In an exemplary embodiment, a non-transitory computer-readable storage medium comprising instructions, such as the memory 1104 comprising instructions, executable by the processor 1120 of the apparatus 1100 to perform the method described above is also provided. For example, the non-transitory computer readable storage medium may be a ROM, a Random Access Memory (RAM), a CD-ROM, a magnetic tape, a floppy disk, an optical data storage device, and the like.
Embodiments of the present application further provide a non-transitory computer-readable storage medium, where instructions in the storage medium, when executed by a processor of a computer device, enable the computer device to perform the method provided in any of the above embodiments.
An embodiment of the present invention further provides a computer program product, where the computer program product includes: a computer program, the computer program being stored in a readable storage medium, from which the computer program can be read by at least one processor of a computer device, execution of the computer program by the at least one processor causing the computer device to perform the method provided by any of the embodiments described above.

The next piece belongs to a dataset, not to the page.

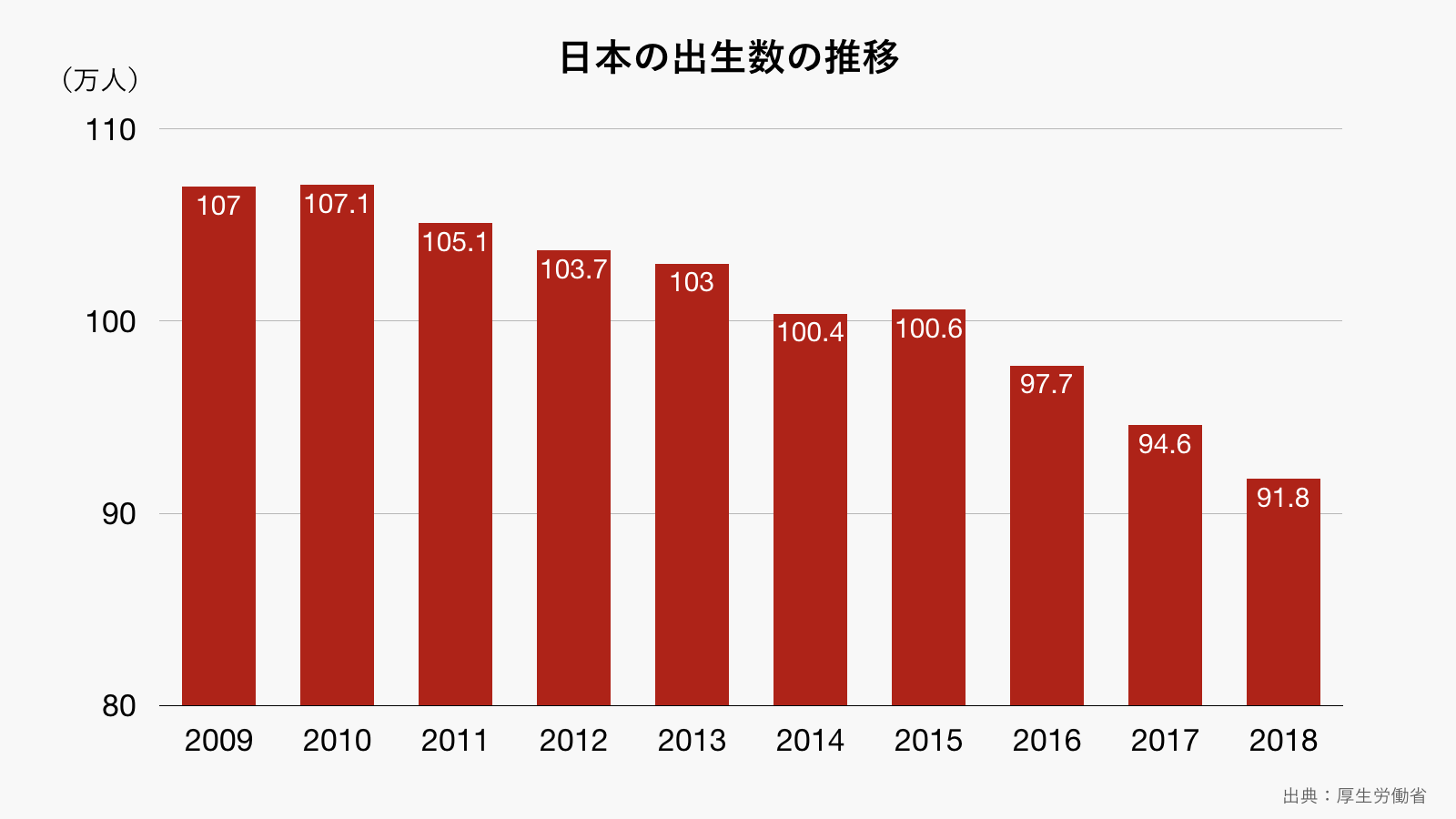 グラフ 日本の出生数の推移のグラフ 厚生労働省が2019年6月7日に発表した人口動態統計によると、2018年の出生数は約91万8400人で過去最低を更新した。2016年に100万人を切って以来、急速に低下している。 公開:2019.06.10 出典:厚生労働省 人口出生数日本社会社会課題 参考図書 人口で語る世界史 Amazon 楽天市場

It should be understood that the terms "first", "second", etc. in the above-described embodiments are used for descriptive purposes only and are not to be construed as indicating or implying relative importance or implying any number of technical features indicated. Further, in the description of the present application, the meaning of "a plurality" means at least two unless otherwise specified.
Other embodiments of the present application will be apparent to those skilled in the art from consideration of the specification and practice of the invention disclosed herein. This application is intended to cover any variations, uses, or adaptations of the invention following, in general, the principles of the application and including such departures from the present disclosure as come within known or customary practice within the art to which the invention pertains. It is intended that the specification and examples be considered as exemplary only, with a true scope and spirit of the application being indicated by the following claims.
It will be understood that the present application is not limited to the precise arrangements described above and shown in the drawings and that various modifications and changes may be made without departing from the scope thereof. The scope of the application is limited only by the appended claims.